— DATASET SECTION —
=== Section Start ===
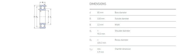 61817 Single Row Metric Deep Groove Ball Bearing
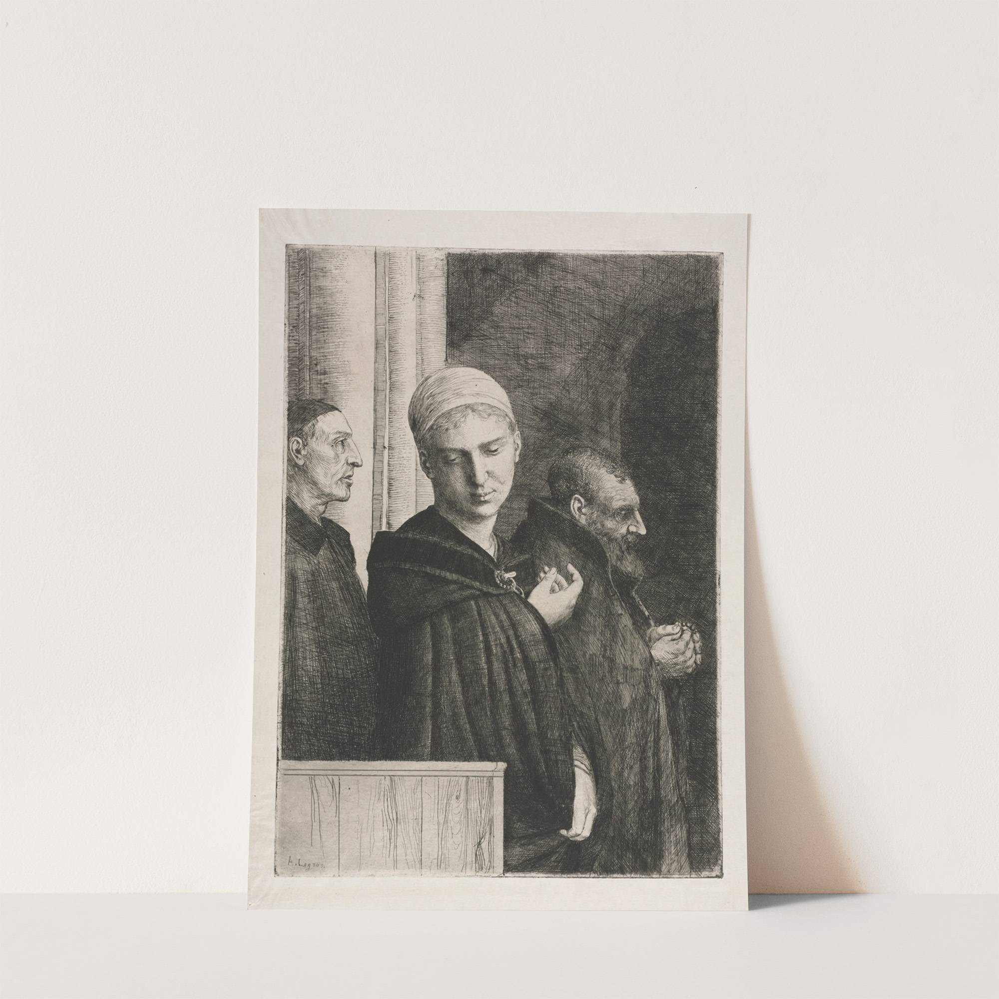 This stunning black-and-white etching by Alphonse Legros titled "The Baptism" captures the solemn atmosphere of a religious ceremony. At its center, a young woman with fair skin and delicate features is depicted with her eyes cast downward in contemplation. She...
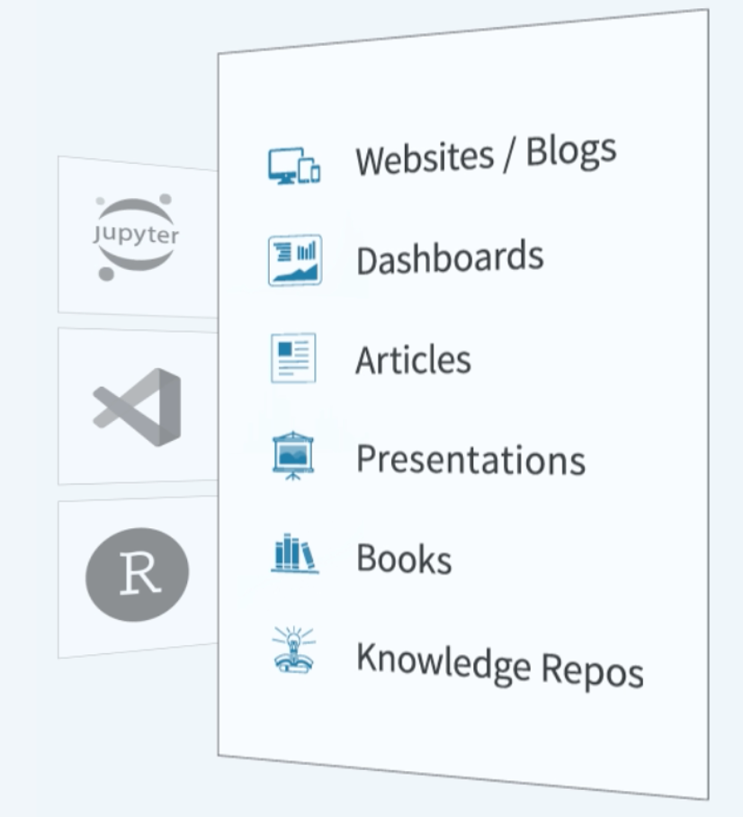 다양한 형식의 저작물(노트, 연구 논문, 프레젠테이션, 대시보드, 웹사이트, 블로그, 서적 등)을 다양한 디지털 포맷(HTML, PDF, MS Word, ePub 등)으로 출판할 수 있게 해주는 도구
=== Section End ===
— EXERCISE INSTRUCTIONS —
Could you reproduce exactly the lines from the first line of the listing through the line containing "This stunning black-and-white", both included, with pictures left out?

— SOLUTION FOR THIS TASK —
 61817 Single Row Metric Deep Groove Ball Bearing
 This stunning black-and-white etching by Alphonse Legros titled "The Baptism" captures the solemn atmosphere of a religious ceremony. At its center, a young woman with fair skin and delicate features is depicted with her eyes cast downward in contemplation. She...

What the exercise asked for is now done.